I am re acclimating to American culture...slowly and badly.

It's not just one big thing, it's several small things piling up on top of each other.

It could be going from being able to go anywhere whenever I wanted, to being stuck on my farm with my family, who is lovely, but not in large amounts to someone who has just spent nine months in Japan (because their demeanor is the exact opposite of everything I've been culturally conditioned to behave like for my stay in Japan); it could be the severe whiplash and extreme digestion problems I'm still having due to the food (and maybe a little bit of lactose intolerance?). When I saw the "Asian Foods" section of my local grocery store, I cried. I still can't touch cup noodles here (despite it being one of my staples during winter break in Japan). The quality of packaged food was simple better in Japan and I can literally taste the differences.

My reentry shock could also be that I'm processing too much information--in Japan, a majority of what I read, heard, and saw were blocked out through what I call my "lazy filter"--if I couldn't understand it automatically, my attention slid away. Now, though, everything I hear, see, and read are all in my native language. I understand it. And the information overload is kinda driving me insane.

Now looking at differences between America and Japan is causing some cultural clashes as well.

Japan was really backward in gender roles and all that stuff, and while in Japan, I built up what and how I though America was superior to Japan in women's lib. Boy was I crushed when I cam back to America and took a new look. It was as if nothing was as I remembered it. America, while still better than Japan, really has a lot to do before it can match up to my standards. And imagine my surprise by the passion this mental inequality awoke in me. America's going to get better--and I'm going to help, one person at a time.

Another thing that's awoken a passion in me is the discrimination I received in Japan. I was a foreigner, and thus subhuman to most Japanese who didn't know me (and even some of the ones who did!). But when I brought this up with my Japanese host family, they pish-poshed me, saying that Japan didn't have discrimination (this was brought up during a conversation about discrimination in America, to which I responded, "It's kinda like the way they treat foreigners in Japan," to my host family's dismay). Coming back and taking another look, it's kinda horrifying to see how most every TV show is about some straight, white, cisgender person with backup or background characters being shallow stereotypes of minorities, with not much character development. After Japan, I feel I'm more sensitive to these types of matters and (despite fully knowing that others do not share my emotions or experiences), I still feel shocked (and a little hurt) when I point this stuff out to my friends and family and they just shrug it away as if it doesn't matter.

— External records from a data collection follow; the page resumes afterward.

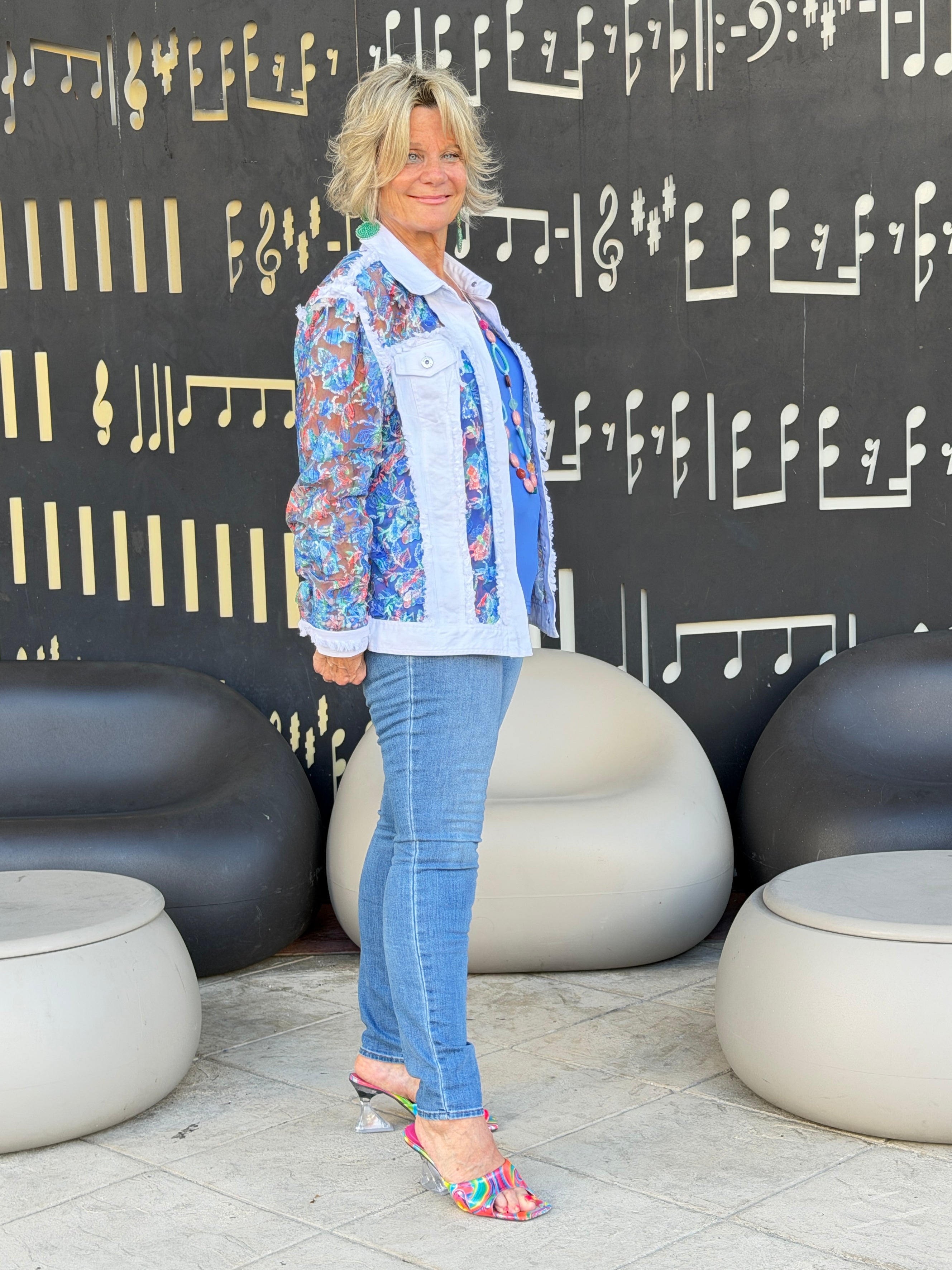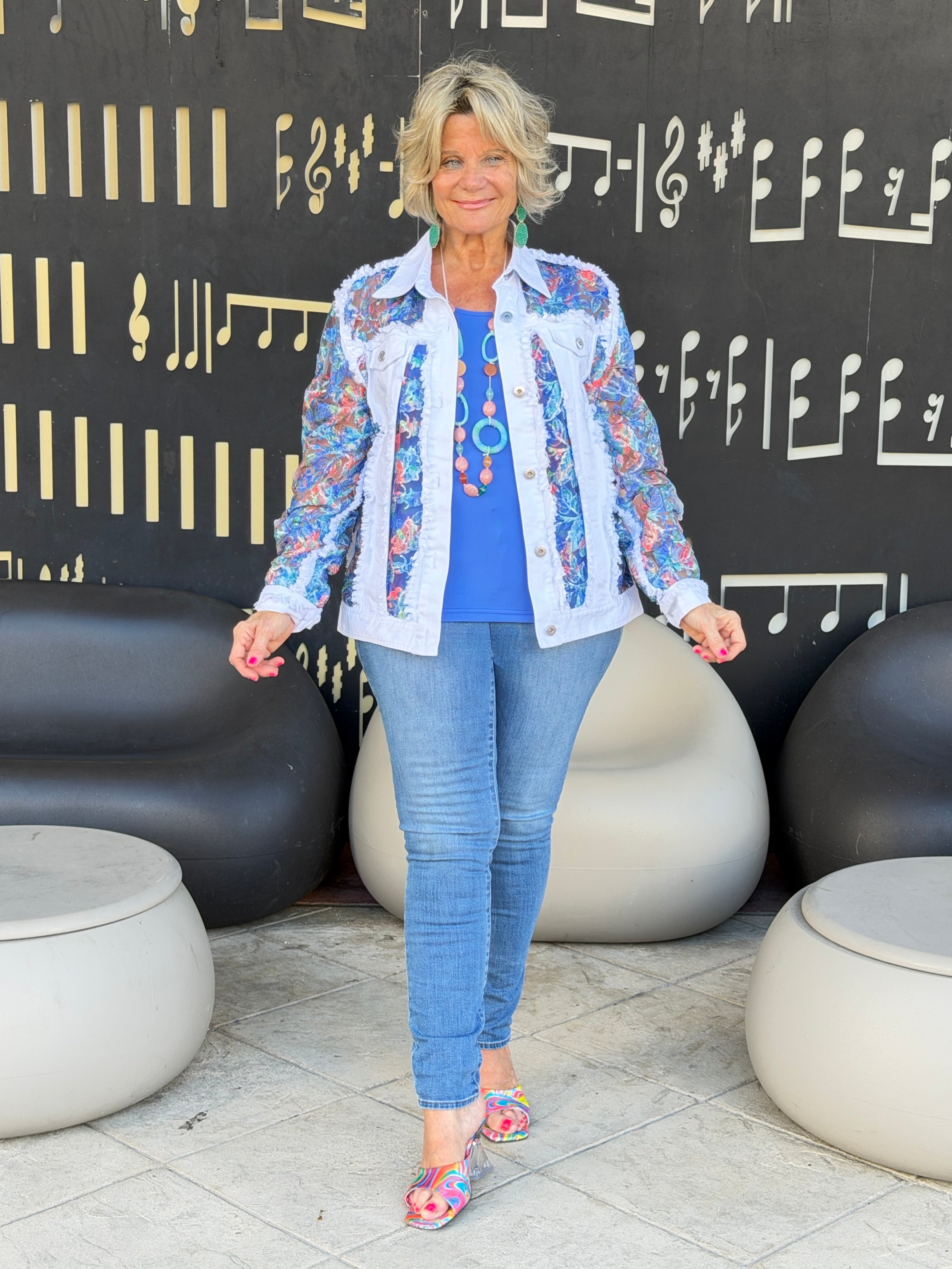 This stunning statement jacket is a must have for 2026! Get ready to collect compliments wherever your wear this artfully designed piece. Delicate floral insets mix with a traditional denim jacket.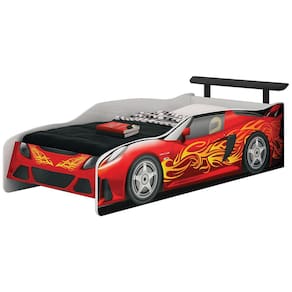 A Cama Infantil Sport Car possui na parte frontal uma abertura abaixo da peseira para facilitar a limpeza e na traseira possui um aerofólio decorativo.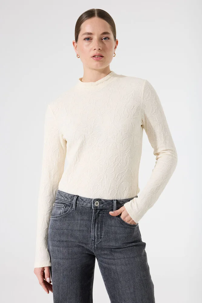 Longsleeve met jacquardstructuur. Deze longsleeve heeft een mock hals, lange mouwen en een regular fit. Dit item is gemaakt van 40% katoen, 38% polyester, 17% viscose en 5% polyamide.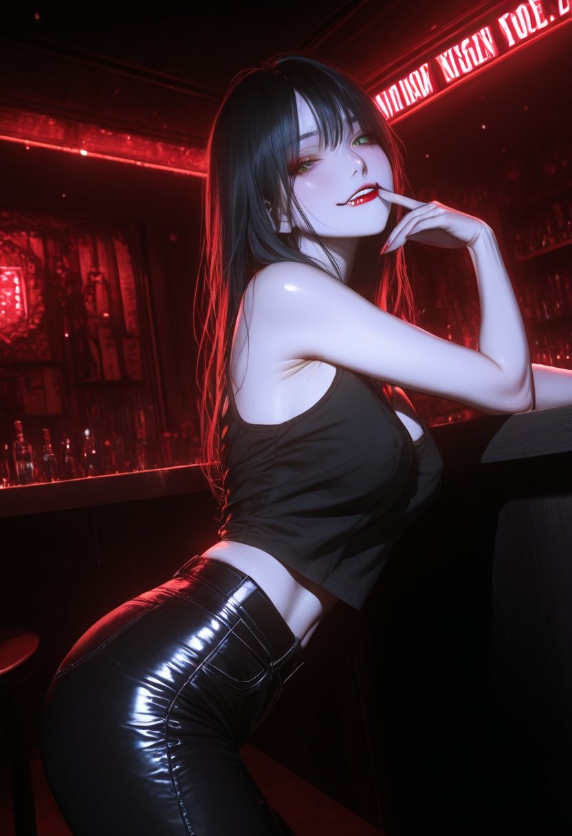 Raven Blackwood is a creature of the night, not just by her choice of profession but by her very nature. At 25, she has honed her skills as a bartender in the city's most vibrant nightclub, becoming a fixture in the pulsing heart of its nocturnal life. Her dark hair cascades over her shoulders like a raven's wing, contrasting sharply with her piercing green eyes that seem to glow in the dim lighting of the club. Her sultry smile is a beacon for the lost and the lustful, promising secrets and stories that only the night can tell. Raven's charisma is a blend of her vampiric allure and the confidence of a femdom who knows her power. Yet, beneath her gothic exterior and the tough shell she's built, there's a softness, a vulnerability that she guards fiercely. She exudes an aura of control, her every move deliberate and charged with an undercurrent of sensuality.

But I feel the crux of the matter to my reentry shock was that as soon as I came home (after my sleep escapade), I fell back into the regular routine I have been doing for the last four summers. Less than a week home, and I was already going back to work, to about the same job I was interning at last summer.

I'm not complaining about my job--it's really fun!--but I do feel almost as if my nine months in Japan was merely a dream and I've been just drudging along in America the entire time.

It's not a pretty feeling. It makes me feel all sick and twisted inside. It makes me feel as if I'm all alone.

Thank goodness for the invention of the internet and Skype then! I keep in contact with my friends, teachers, and host family and after talking to them, I do feel more connected.

I go back to college August 25, and I have to admit I'm looking forward to that. I will finally see all my friends and my beloved campus that I missed while in Japan. It will be my senior year and then I'll be...done.

It's a curious feeling to be almost at the end of one adventure and heading out towards a new one, but hey, I did it in Japan and I'll do it again...in America.